Ii is recommended to perform both the statistical tests (ADF and KPSS) before preparing a model for any time series data. So in summary, the ADF test has an alternate hypothesis of linear or difference stationary, while the KPSS test identifies trend-stationarity in a series.
Few properties of time series data:
Seasonality
In time series data, seasonality is the presence of variations that occur at specific regular intervals less than a year, such as weekly, monthly, or quarterly. Seasonality may be caused by various factors, such as weather, vacation, and holidays and consists of periodic, repetitive, and generally regular and predictable patterns in the levels of a time series. Seasonality suggests that certain trends will appear on a cyclical basis.
One approach of testing for seasonality, is to decompose the sequence into three effects trend, seasonal and residual. The trend represents the pattern consistent throughout the data, seasonal expresses all cyclical effects due to seasonality and the residuals are the error of prediction.
reference
The simplest type of decomposition is called naive with naive decomposition, where it is expected there is a linear relationship between the three parts and the observed time series.

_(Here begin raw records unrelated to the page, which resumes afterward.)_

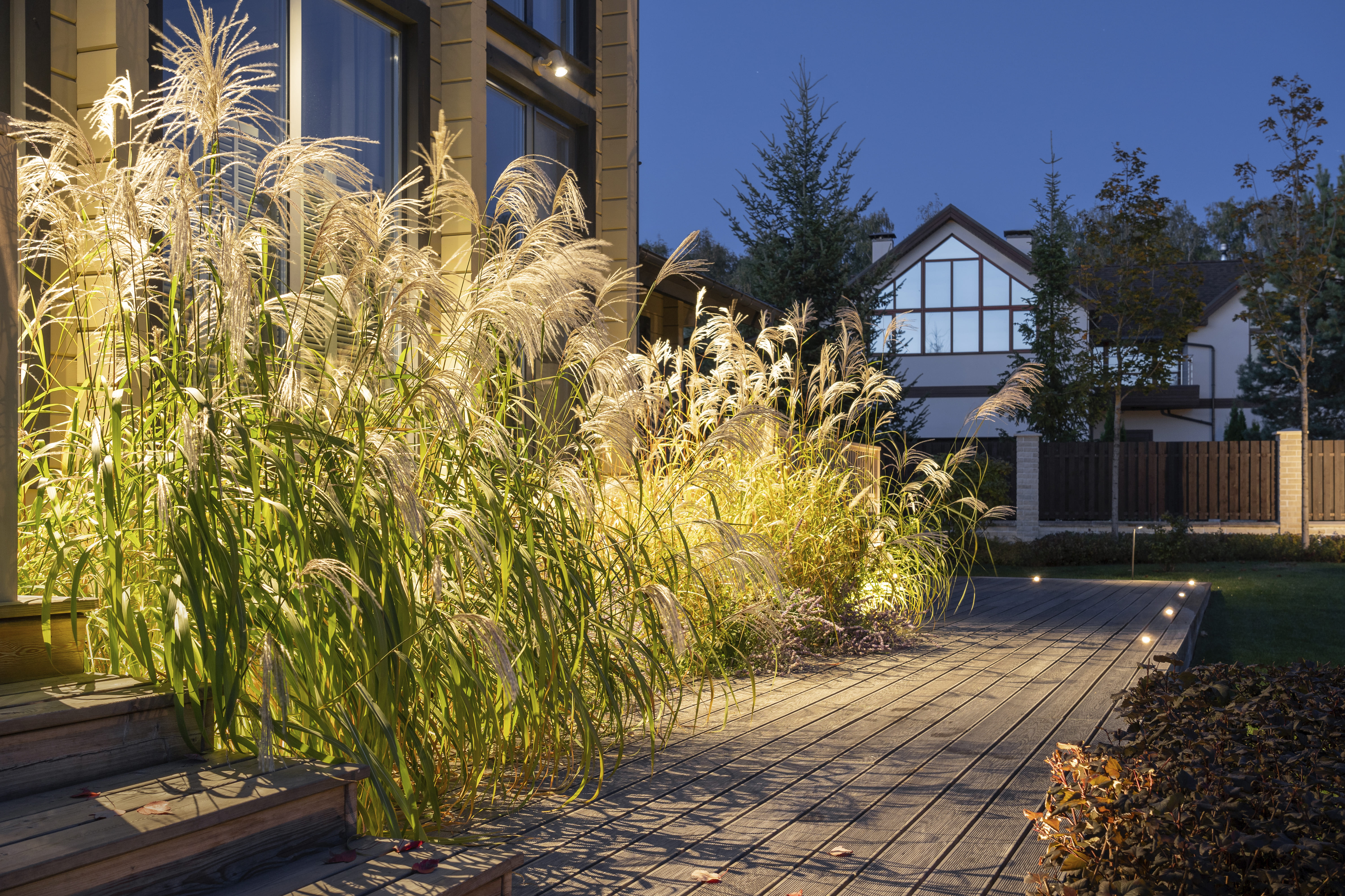 В непосредственной близости от дома располагается живописный уголок, где произрастает мискантус — декоративная трава, которая образует живую изгородь и придает пространству особое очарование. Первое, что бросается в глаза, – сад для отдыха: никаких грядок и энергоемких миксбордеров. Злаки, стриженые кустарники и лесной пейзаж. Выбор растений был основан на агротехнических требованиях: для солнечных зон подбирались одни виды, для теневых – другие. Это обеспечило оптимальное развитие и привлекательный вид даже при минимальном уходе. В композиции использованы неприхотливые растения, а декоративности здесь добились за счет форм, цвета листвы и веток.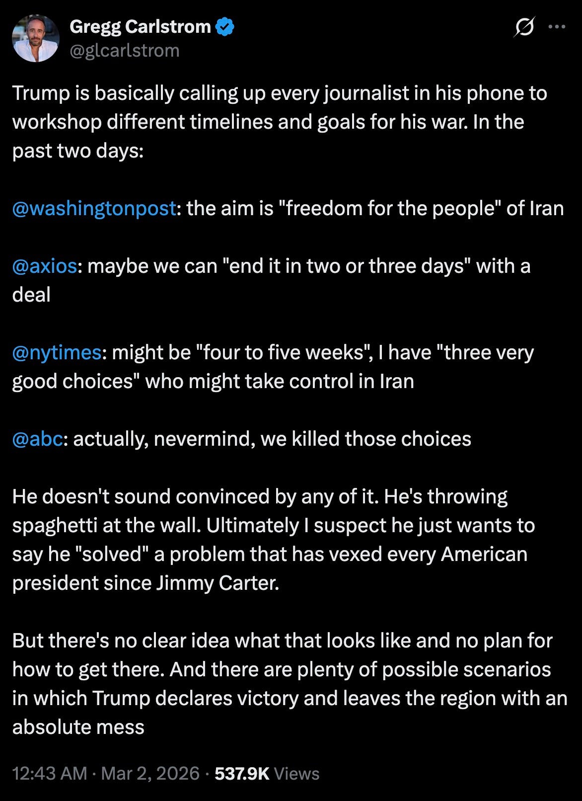 Trump is basically calling up every journalist in his phone to workshop different timelines and goals for his war. In the past two days: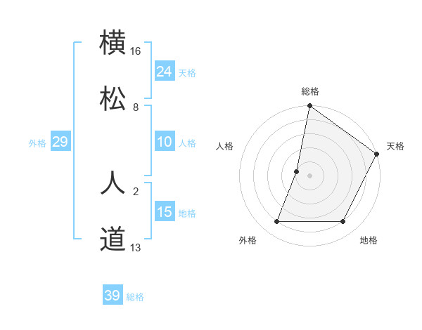 横松 人道さんの総格は39画の5点!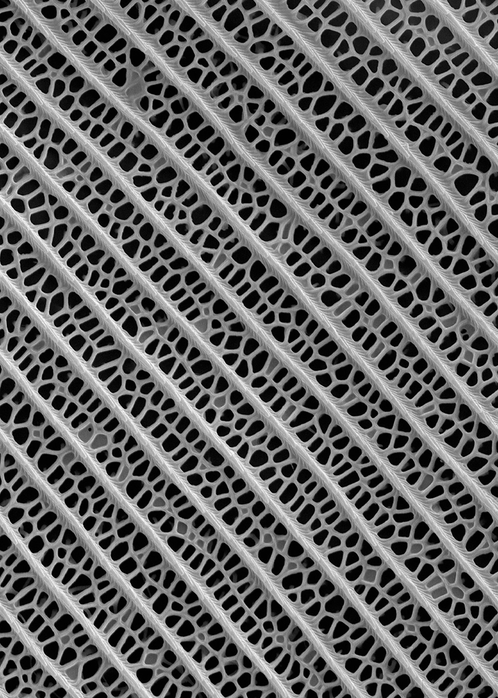 The micro-structure of a scale from a butterfly wing. Moth and butterfly wings use pigments to make some colours but physical structures, that affect the behaviour of light itself, to make others. Understanding how they do this lets us mimic nature and create similar features in manmade products.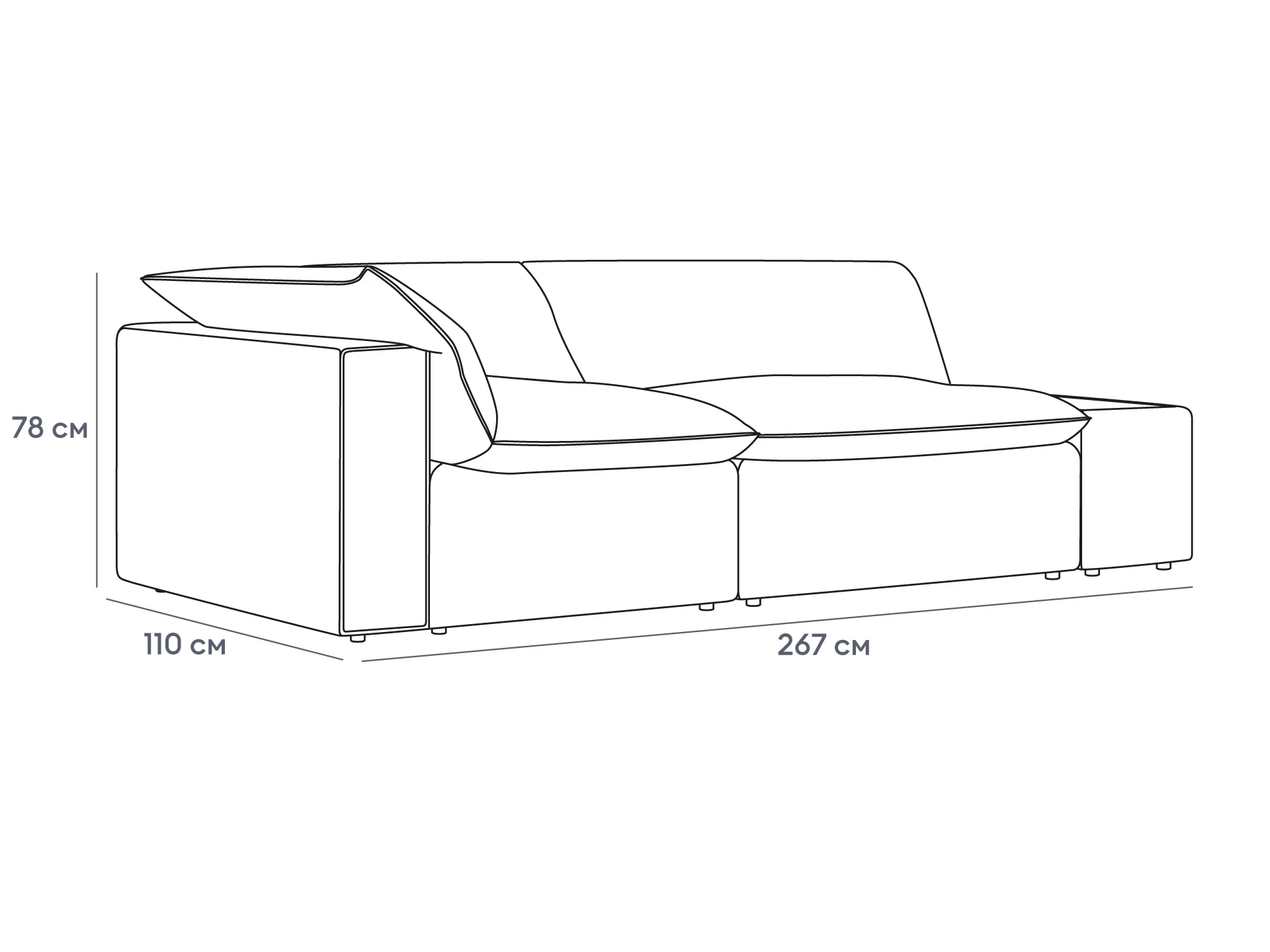 Лицевой чехол каркаса изделия - несъемный. Лицевой чехол покровных подушек- съемный, на молнии.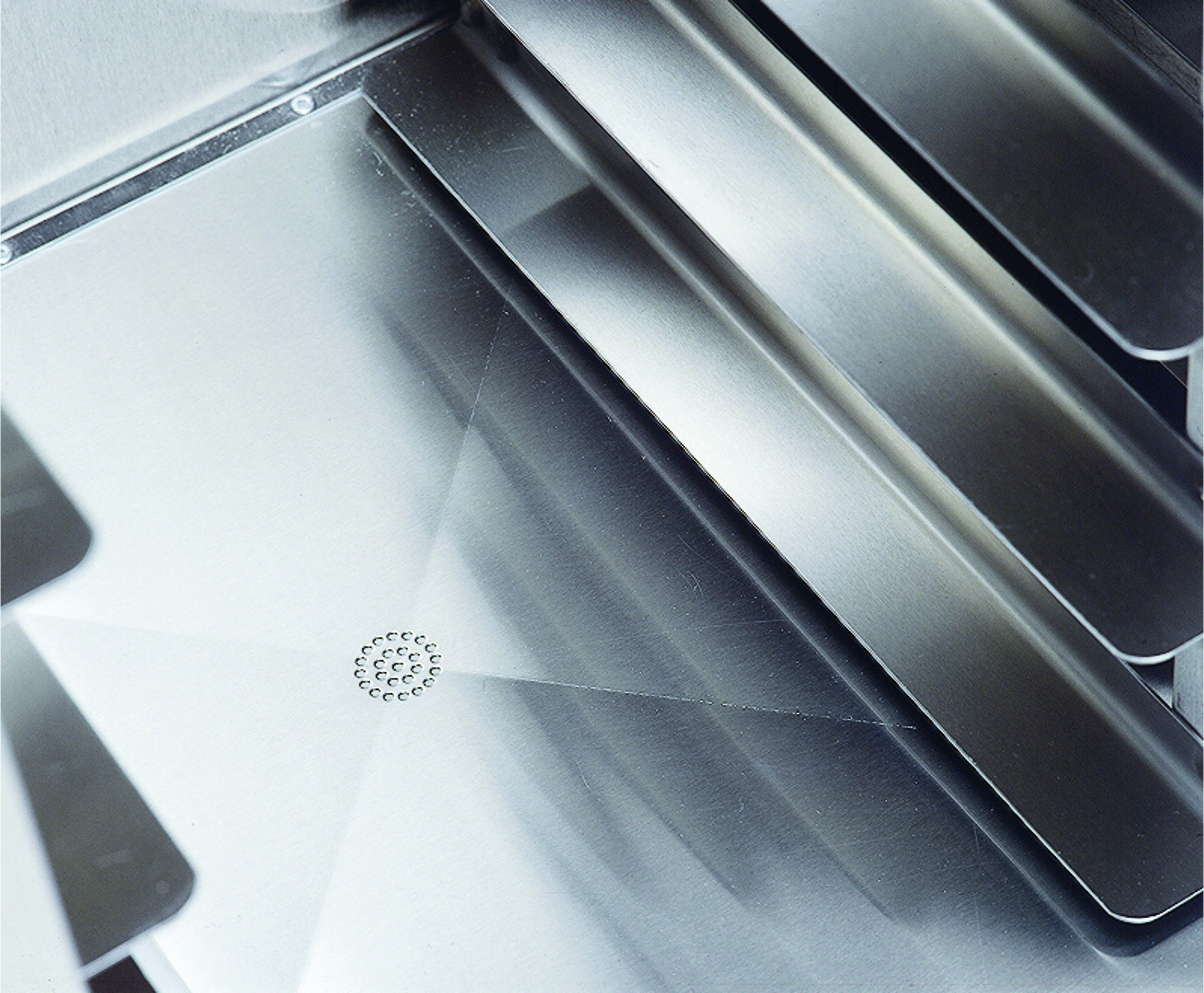 - Stainless steel ledges securely hold 14" x 18" (356 x 457) or 15" x 20" (381 x 508) trays, 2 trays per ledge.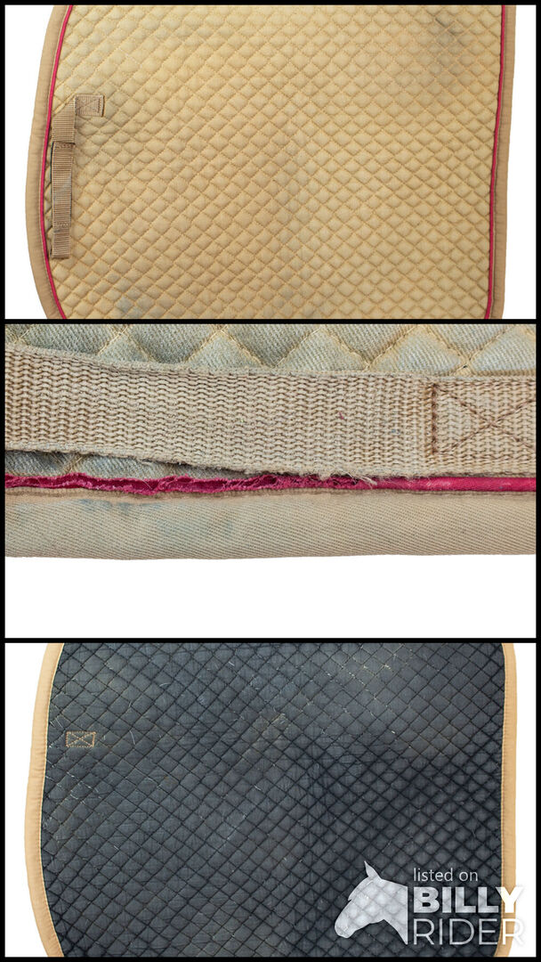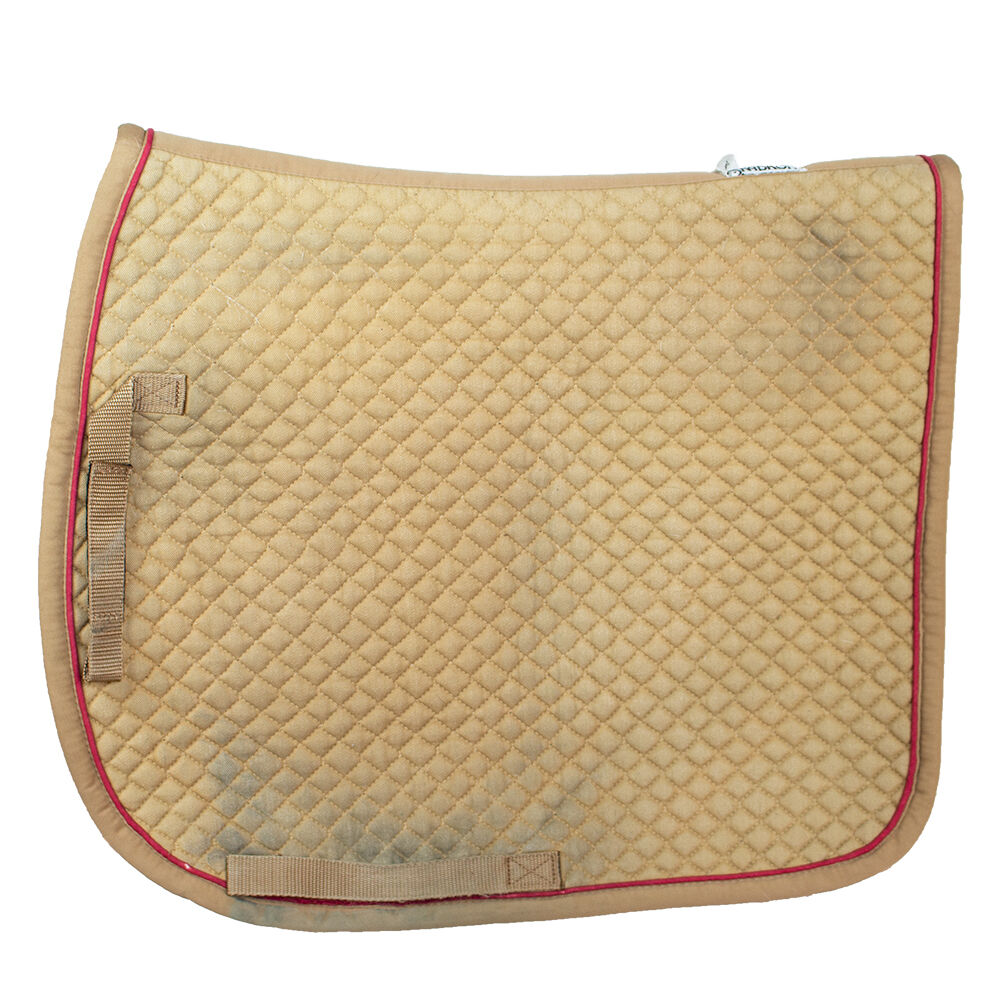 Eskadron Zadeldekje Katoen oker-beige/ rood PD - Een klassiek pony dressuur zadeldek van Eskadron. Het zadeldek vertoont tekenen van slijtage. Het rode koord is gedeeltelijk beschadigd en het zadeldek heeft verkleuringen van het zadel. Het is gemaakt van 100% katoen.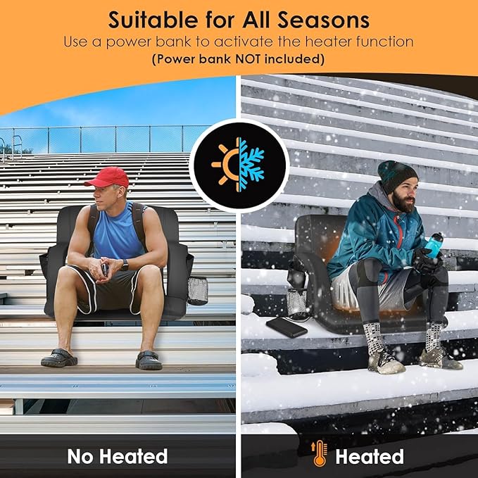 - ๐๐ฎ๐ฌ๐ญ๐จ๐ฆ๐ข๐ณ๐๐ ๐๐จ๐ฆ๐๐จ๐ซ๐ญ: Our heated stadium seats for bleachers with Newest Dual-zone Controlled Heating System, it allows you to adjust the temperature of the backrest and seat cushion independently, offering flexibility and energy efficiency. Experience hours of soothing heat using a USB power bank and stay cozy even in chilly weather. Choose from 3 heat levels (high, mid, low) and reach a max temp of 130ยฐF. Please NOTE: Power Bank NOT included.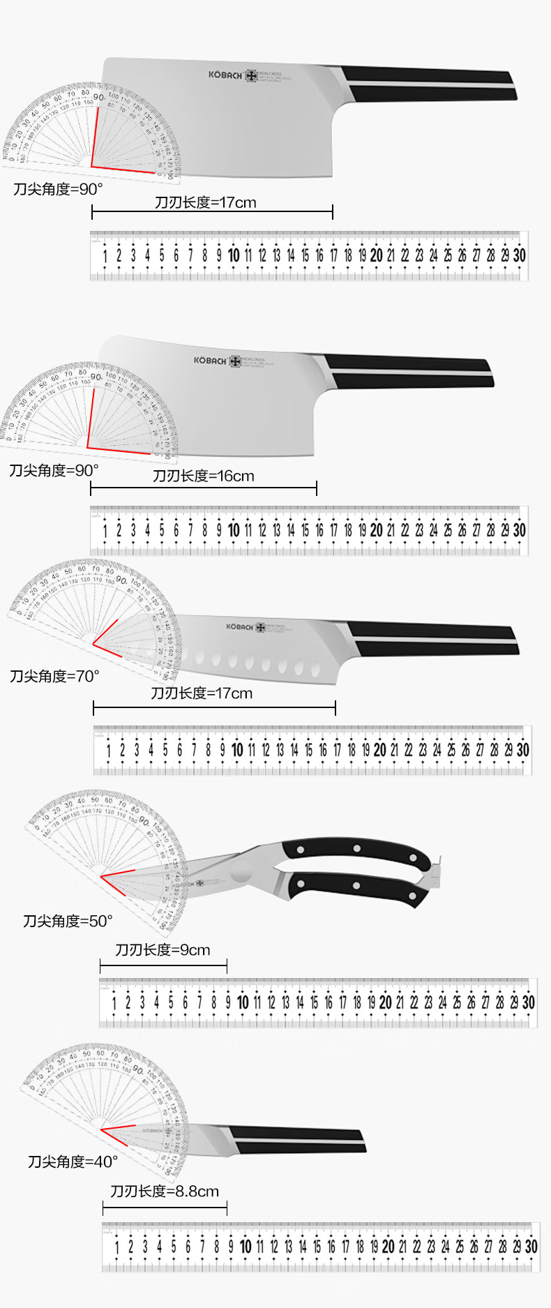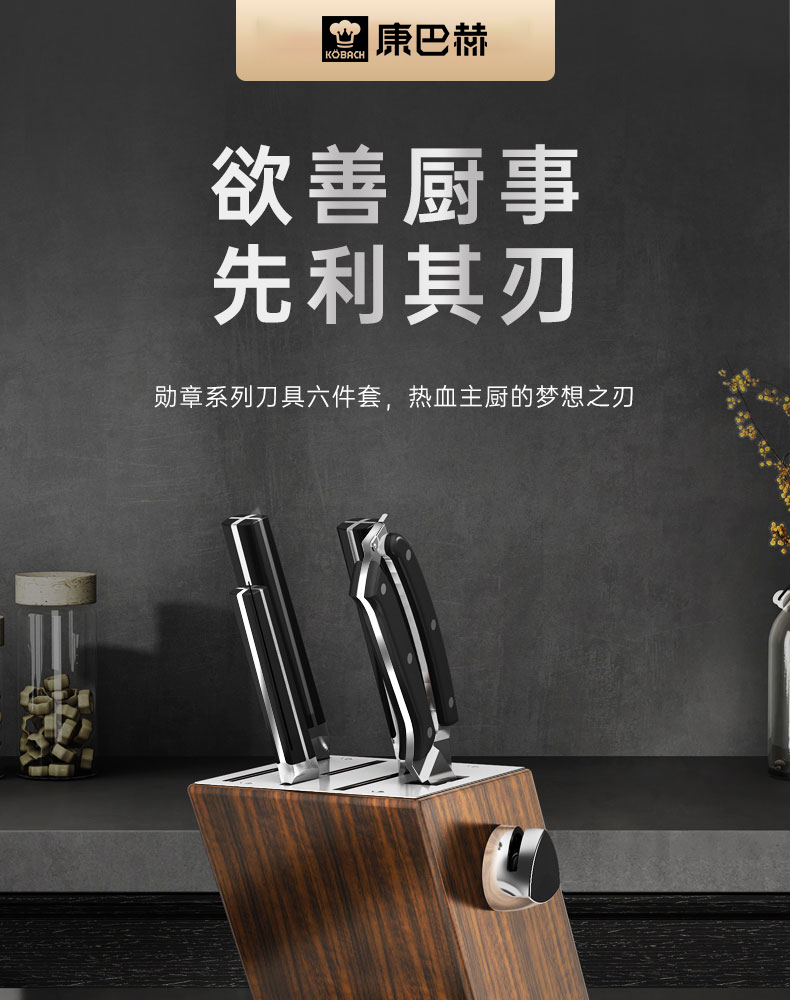 Kornbach Medal Series Knife Kitchenware Set Kitchen Knife Fruit Knife Bone Chopping Knife Kitchen Knife Scissors Six-piece Set Kornbach Medal Series Knife Set 6-Piece - White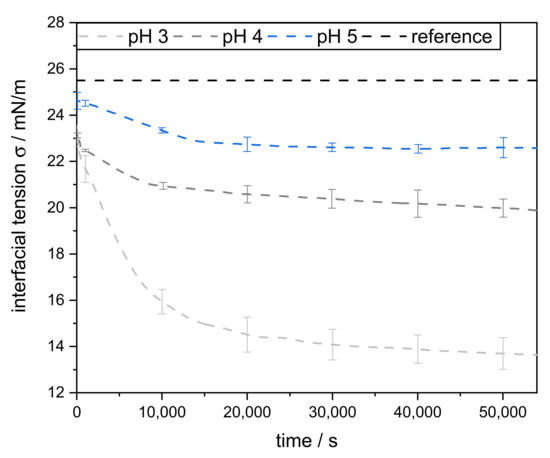 In the pendant drop method, a liquid-liquid interface is considered, but the adsorption of the emulsifier molecules proceeds diffusively from a resting bulk phase. Measuring the decrease in interfacial tension over time can be used to obtain information about the adsorption process of SBP. The dynamic interfacial tension between MCT oil and 0.1 wt% pectin solutions was measured at pH 3, 4, and 5 for 15 h (Figure 2). At lower pH values, the IFT decreased significantly faster and more strongly (pH 3 > pH 4 > pH 5). This is in good agreement with Schmidt et al. [24], where the negative repulsion between interface and pectin molecules slowed down the adsorption kinetics of citrus pectin at pH 4 compared to pH 2.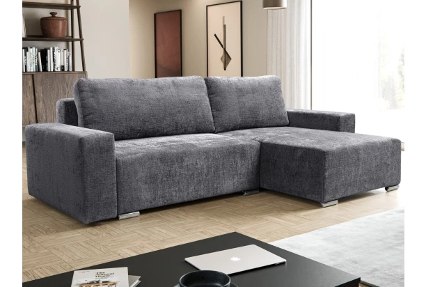 Pohodlná rozkladacia sedačka v nadčasovom štýle sa hodí do každého interiéru a ponúka dostatok priestoru pre Vašu každodennú pohodu. Rohová sedacia súprava je očalúnená látkou s jemnou povrchovou štruktúrou vo farbe tmavo šedá. Veľké oporné vankúše poskytujú pohodlie a zároveň oporu, po ich odobratí môžete pohovku využiť ako lôžko na príležitostné spanie alebo relaxáciu. Pod sedákom nájdete úložný priestor, kam môžete ukladať napríklad deky alebo veci sezónnej potreby.

The two main approaches to naive decomposition are : additive and multiplicative.
Additive decomposition: assumes that for any time period the observed value is the sum of the trend seasonal and residual for that period.
Multiplicative decomposition: assumes the original series is a product of the trend, seasonal and residual values.
The stats models package includes a method called seasonal decompose that takes a time series and splits
it up into the three parts.
Let’s start with the additive approach.
s_dec_additive = seasonal_decompose(rand_walk['Open'], model = "additive")
s_dec_additive.plot()
plt.show()
The results shows the trend resembles the observed series, because the decomposition function uses the previous period values as a trendsetter. The seasonal plot looks like a rectangle. This happens when the values are constantly oscillating back and forth and the figure size is too small. In this case the linear changes results from constantly switching up and down between $-0.25$ and $+0.25$ one for every period. Therefore there is no concrete cyclical pattern determined by using naive decomposition. The residuals are the errors of the model estimates. Essentially they are the difference between true values and predictions for any period. Overall the results of the additive decomposition suggest no seasonality in the data.
Let’s double check this result by computing the multiplicative decomposition as well.
s_dec_multiplicative = seasonal_decompose(rand_walk['Open'], model = "multiplicative")
s_dec_multiplicative.plot()
plt.show()
Here too its shows very similar results to the first decomposition. The seasonal sequence has no clear pattern once again and the trend closely resembles the observed series. Thus it further proves there is no seasonality among Opening prices. Since the trend follows actual data closely, its better to have a closer look at the correlation between past and present values.
Autocorrelation
Correlation measures the similarity in the change of values of two series. Auto-correlation represents the correlation between a sequence and itself. It measures the level of resemblance between a sequence from several periods ago and the actual data. Such a series is called lagged because it is essentially a delayed version of the original one, for instance it determines how much of yesterday’s values resemble today’s values. If the frequency is instead annual, auto correlation will measure the similarities from year to year.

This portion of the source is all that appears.